- _Dataset extract_:
_ _ _
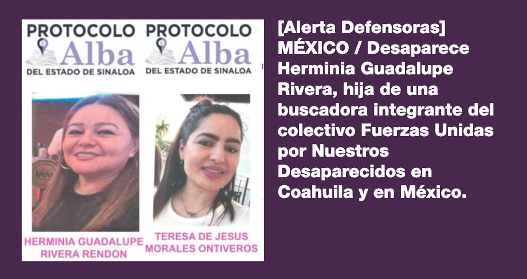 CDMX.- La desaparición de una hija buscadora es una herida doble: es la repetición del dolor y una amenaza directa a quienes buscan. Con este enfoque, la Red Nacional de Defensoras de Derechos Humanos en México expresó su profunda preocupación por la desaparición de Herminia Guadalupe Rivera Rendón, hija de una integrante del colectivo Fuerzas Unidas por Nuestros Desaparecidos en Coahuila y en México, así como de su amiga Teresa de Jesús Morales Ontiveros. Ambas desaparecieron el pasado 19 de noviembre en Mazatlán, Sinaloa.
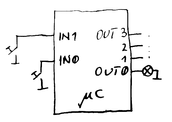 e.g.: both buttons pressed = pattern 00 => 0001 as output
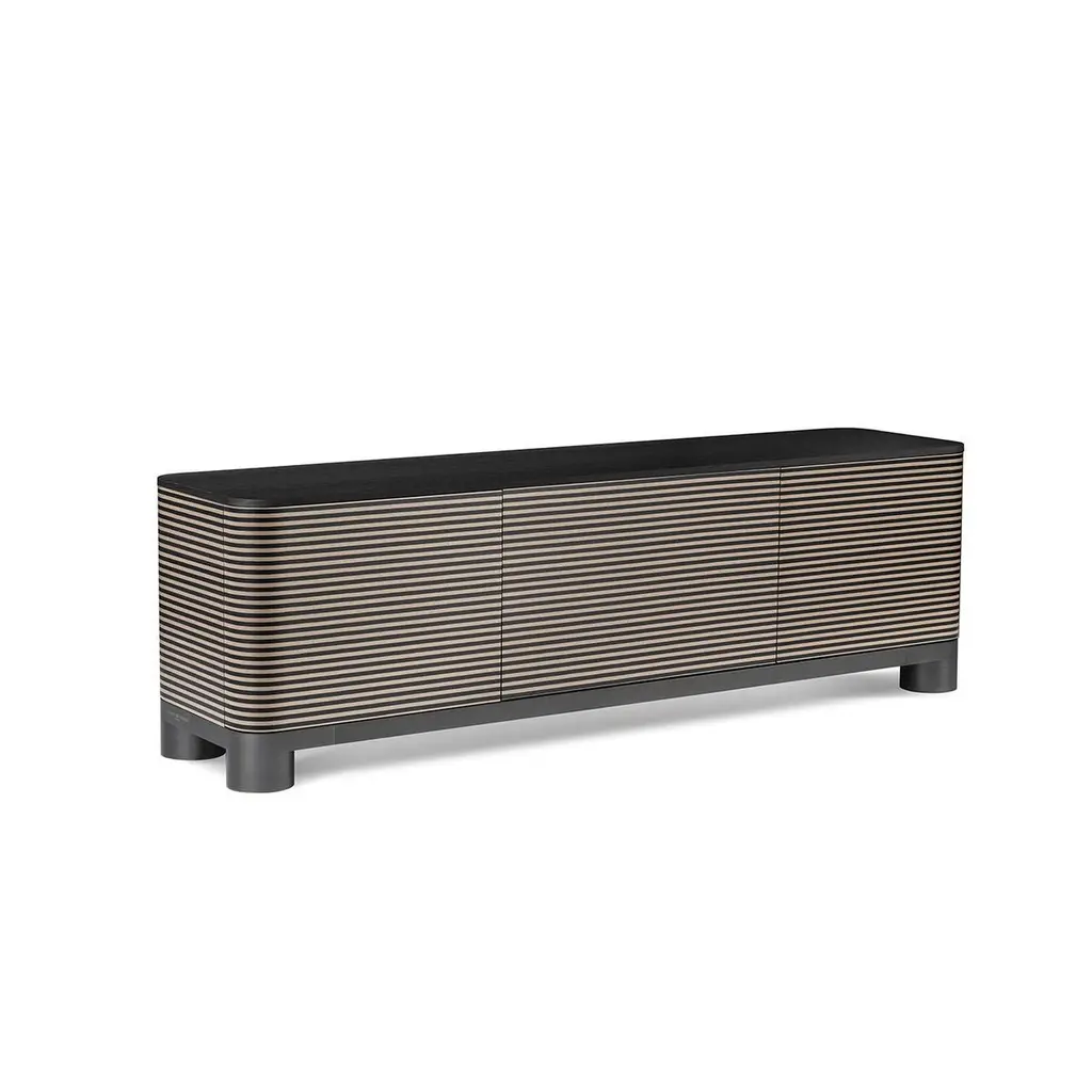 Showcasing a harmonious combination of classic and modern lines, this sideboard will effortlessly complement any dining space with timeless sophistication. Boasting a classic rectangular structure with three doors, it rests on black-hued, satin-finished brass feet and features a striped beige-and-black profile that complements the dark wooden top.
_ _ _
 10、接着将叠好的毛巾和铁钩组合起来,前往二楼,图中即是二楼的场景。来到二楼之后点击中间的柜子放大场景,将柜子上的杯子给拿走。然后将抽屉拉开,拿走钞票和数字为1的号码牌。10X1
_ _ _
- _Problem description_: Of the lines above, copy only those from the one holding "CDMX.- La desaparición" to the one holding "Showcasing a harmonious", both included, and exclude every image.

- _Written response_:
 CDMX.- La desaparición de una hija buscadora es una herida doble: es la repetición del dolor y una amenaza directa a quienes buscan. Con este enfoque, la Red Nacional de Defensoras de Derechos Humanos en México expresó su profunda preocupación por la desaparición de Herminia Guadalupe Rivera Rendón, hija de una integrante del colectivo Fuerzas Unidas por Nuestros Desaparecidos en Coahuila y en México, así como de su amiga Teresa de Jesús Morales Ontiveros. Ambas desaparecieron el pasado 19 de noviembre en Mazatlán, Sinaloa.
 e.g.: both buttons pressed = pattern 00 => 0001 as output
 Showcasing a harmonious combination of classic and modern lines, this sideboard will effortlessly complement any dining space with timeless sophistication. Boasting a classic rectangular structure with three doors, it rests on black-hued, satin-finished brass feet and features a striped beige-and-black profile that complements the dark wooden top.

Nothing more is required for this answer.